Neste momento, o fardo cairia sobre a própria Alpine, já que ela fornece motores apenas para si própria. A Audi também seguirá o mesmo caminho em 2026, mas por ser uma novata, fica isenta dessa regra.

A Andretti se prepara para uma possível entrada na F1 em parceria com a General Motors e a Cadillac, que já se registrou para fornecer motores, mas apenas a partir de 2028, três anos após a potencial entrada da equipe no grid.

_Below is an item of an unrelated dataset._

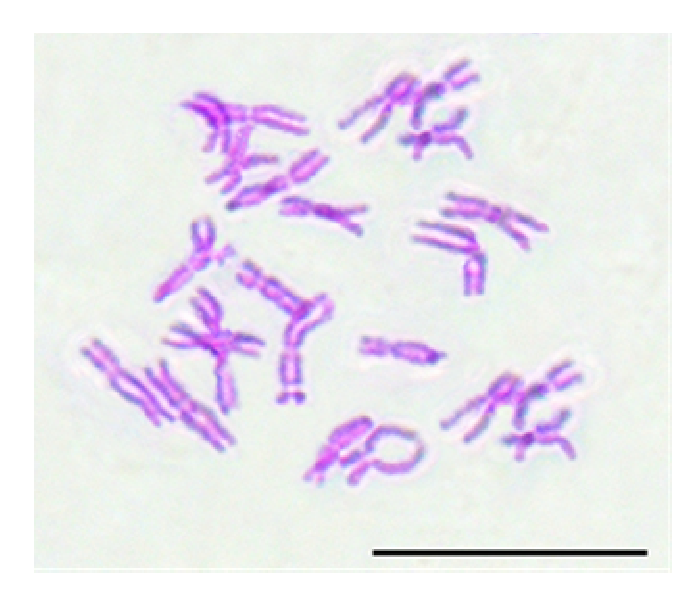
Figure 3. Ski pairs of chromosomes in a partial metaphase spread. This configuration is commonly the result of long pretreatment of the roots with colchicine. Bar = 20 \, (\mu m) .

slide decrease the cytoplasm segments on metaphase spreads, overheating also reduces the quality of fluorescence signals in FISH.

O chefe interino da Alpine, Bruno Famin, disse que a situação se complicava pela demora da FIA e da F1 em liberarem a entrada da Andretti, mas que está aberto a retomar as conversas.

Famin disse em coletiva com a imprensa: "Estamos falando com a Andretti e a General Motors. Estamos felizes em falar com eles. Estamos encantados em continuar as negociações caso eles tenham interesse em participar. Estamos esperando neste momento, mas não depende de nós".

"É porque o tempo e a duração do processo está bem maior do que o esperado. Em primeiro lugar, da parte da FIA, que demorou muito mais para responder do que haviam programado inicialmente. Agora a bola está com a F1. Se eles tiverem o ok, estaremos animados em conversar".

"Na última vez tínhamos um pré-acordo. O pré-contrato venceu. Na realidade, não temos nenhum compromisso legal com eles no momento, mas podemos falar com eles e ver o que podemos fazer. Se entrarem é porque demonstraram o valor que agregarão à F1 e que o valor do campeonato para as equipes não será reduzido".